A TSC2 recurrent variant c.5126C>T in a Han-Chinese family with tuberous sclerosis complex.

Abstract

Objective: To identify the disease-causing variant in a family with tuberous sclerosis complex (TSC).

Methods: This study including a Han-Chinese pedigree recruited from the Third Xiangya Hospital, Central South University, Changsha, Hunan, China was conducted between February, 2019 and January, 2023. Detailed clinical examinations were performed on the proband and other family members of a Han-Chinese family with TSC. Whole exome sequencing of the proband and Sanger sequencing of all family members were performed, followed by variant pathogenicity prediction and conservation analysis. SWISS-MODEL and PyMOL software were used for protein modelling and creating the three-dimensional structure model illustration of the critical GTPase-activating protein (GAP) domain. The variant was classified following the American College of Medical Genetics and Genomics (ACMG) standards and guidelines.

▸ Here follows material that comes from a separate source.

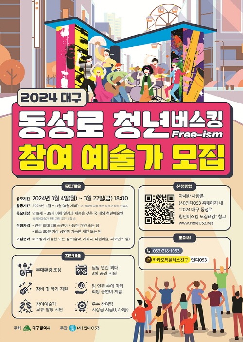 동성로 청년버스킹 참가신청은 3월 22일까지이며, 자세한 사항은 사업 주관단체인 (사)인디053 홈페이지( www.indie053.net )를 통해 확인할 수 있다.

Results: The female proband exhibited typical features of TSC, including hypomelanotic macules, angiofibromas, shagreen patches, seizures, brain lesions, cognitive impairment, renal abnormalities, and cardiovascular abnormalities. A recurrent c.5126C>T variant in the TSC complex subunit 2 gene (TSC2) was identified as the genetic cause of TSC in this family, classified as "pathogenic" according to ACMG standards and guidelines. The c.5126C>T variant leads to an amino acid change from proline to leucine at position 1709 (p.P1709L) in the functional GAP domain of tuberin protein, which may impair tumor growth inhibition of the hamartin-tuberin complex.

Conclusion: This study reported a Han-Chinese TSC patient with a recurrent variant TSC2 c.5126C>T (p.P1709L). These findings broaden the phenotypic spectrum of TSC caused by this variant and may contribute to improving TSC genetic diagnoses as well as understanding of its mechanisms.